Abu Dawud a dit : Muhammad b. Ja’far l’a transmis de Shu’bah, de Ghalib, en disant : J’ai entendu Masruq b. Aws ; et Ismaïl me le transmetta, en disant : Ghalib al-Tammar me le transmit par la chaîne d’Abou al-Walid ; et Hanzlah b. Abi Safiyyah l’a transmis de Ghalib par la chaîne d’Isma’il.
Le Messager d’Allah (ﷺ) a dit : « Ceci et cela sont égaux, c’est-à-dire le pouce et l’auriculaire.
Sur l’autorité de son père, a dit que son grand-père a rapporté que le Prophète (ﷺ) a dit : « L’esprit de sang pour ce qui ressemble à un meurtre intentionnel doit être rendu aussi sévère que celui pour le meurtre intentionnel, mais le coupable ne doit pas être tué.
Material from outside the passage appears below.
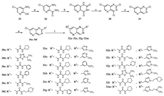 Preparation of target compounds 32a~32e and 32g~32m. Reagents and conditions: (a) SnCl2·2H2O, EtOH, reflux, 2 h; (b) Triphosgene, 1,4-dioxane, 110 °C, N2, 12 h; (c) POCl3, DIEA, 130 °C, N2; (d) Bu3SnH, Pd(PPh3)4, PhMe, N2, 100 °C, 1 h; (e) Cyclopentylurea (14a)/Benzylurea (14b)/Phenylurea (14c) Ethylurea (14d)/1-(2-morpholinoethyl)urea (14e)/5-methyl-1,3,4-thiadiazol-2-amine (14f), Pd(OAc)2, XantPhos, t-BuOK, 1,4-dioxane, 60 °C, N2, 2 h. (f) (2-methylpyridin-4-yl)boronic acid (12a)/1-methyl-4-(4,4,5,5-tetramethyl-1,3,2-dioxaborolan-2-yl)-1H-pyrazole (12b)/(3-(trifluoromethoxy) phenyl)boronic acid (12c)/(2-fluoropyridin-4-yl) boronic acid (14g)/4-(2-(4-(4,4,5,5-tetramethyl-1,3,2-dioxaborolan-2-yl)-1H-pyrazol-1-yl)ethyl) morpholine (12d)/N,N-dimethyl-2-(4-(4,4,5,5-tetramethyl-1,3,2-dioxaborolan-2-yl)-1H-pyrazol-1-yl)ethan-1-amine (12e), Pd(dppf)Cl2, K2CO3, V(1,4-dioxane):V(H2O) = 5:1, 60 °C, N2, 2 h.

Khalid nous a donné quelques informations supplémentaires sur l’autorité d’Ibn Rashid : Cela (le meurtre involontaire qui ressemble au meurtre intentionnel) signifie que Satan saute parmi les gens et ensuite le sang est versé aveuglément sans aucune malice ni arme.
Le Prophète (ﷺ) a dit : « L’esprit de sang pour chaque blessure qui met à nu un os est de cinq chameaux.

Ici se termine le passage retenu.